- Area: 862 km^{2} (333 sq mi) Ranked 4th of 26
- District HQ: Strabane
- Catholic: 64.9%
- Protestant: 33.7%
- Country: Northern Ireland
- Sovereign state: United Kingdom
- Councillors: MLAs West Tyrone Sinn Féin: 3 DUP: 1 SDLP: 1; MPs Órfhlaith Begley (Sinn Féin);
- Website: www.strabanedc.org.uk

= Strabane District Council =

Strabane District Council (Comhairle Ceantair an tSratha Báin; Ulster-Scots: Stràbane Destrìck Cooncil) was a local council in County Tyrone, Northern Ireland established by the Local Government Act (Northern Ireland) 1972. It merged with Derry City Council on 1 April 2015 under local government reorganisation in Northern Ireland to become Derry and Strabane District Council.

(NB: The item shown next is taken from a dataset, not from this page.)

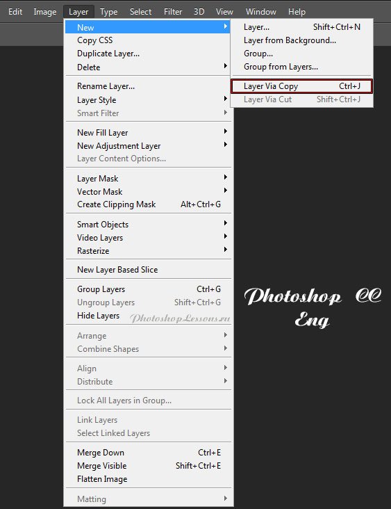 | Перевод Layer - New - Layer Via Copy (Слои - Новый - Скопировать на новый слой / Ctrl+J)Перевод и месторасположение Layer - New - Layer Via Copy (Слои - Новый - Скопировать на новый слой) на примере Photoshop CC (Eng/Rus). На изображениях ниже вы можете наглядно увидеть месторасположение и перевод термина Layer - New - Layer Via Copy (Слои - Новый - Скопировать на новый слой / Сочетание клавиш «Ctrl+J») на примере Английской и Русской версии Photoshop CC (2014). ![]() ![]() |

The headquarters of the council was in the town of Strabane. Apart from Strabane the other smaller towns in the area included Plumbridge, Newtownstewart, Donemana, Sion Mills and Castlederg. Also included in the Strabane District Council area were the following rural areas: Glenmornan, Evish, Glebe, Artigarvan, and Ballymagorry.

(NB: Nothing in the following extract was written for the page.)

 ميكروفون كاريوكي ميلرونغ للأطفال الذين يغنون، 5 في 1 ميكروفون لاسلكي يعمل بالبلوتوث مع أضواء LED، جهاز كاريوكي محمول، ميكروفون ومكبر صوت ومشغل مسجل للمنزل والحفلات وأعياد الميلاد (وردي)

The Strabane District Council area consisted of three electoral areas, Derg, Glenelly and Mourne, from which 16 members were elected. At the final elections in 2011 members were elected from the following political parties: 8 Sinn Féin, 4 Democratic Unionist Party (DUP), 1 Social Democratic and Labour Party (SDLP), 1 Ulster Unionist Party (UUP) and 2 Independent Nationalist.

==2011 election results==

Map of the district's DEAs from 1993 to 2014

| Party |  | seats | change +/- |
|---|---|---|---|
| • | Sinn Féin | 8 | +1 |
| • | Democratic Unionist Party | 4 | = |
| • | Ulster Unionist Party | 1 | = |
| • | Social Democratic and Labour Party | 1 | -1 |
| • | Independent | 1 | +1 |

==Rates==
On 12 February 2008, Strabane District Council stuck the district rate for 2008–09. The new domestic district rate became £3.1274 per thousand capital value, an increase of 6.47%. The new non-domestic district rate became 21.282p in the pound, an increase of 6.47%.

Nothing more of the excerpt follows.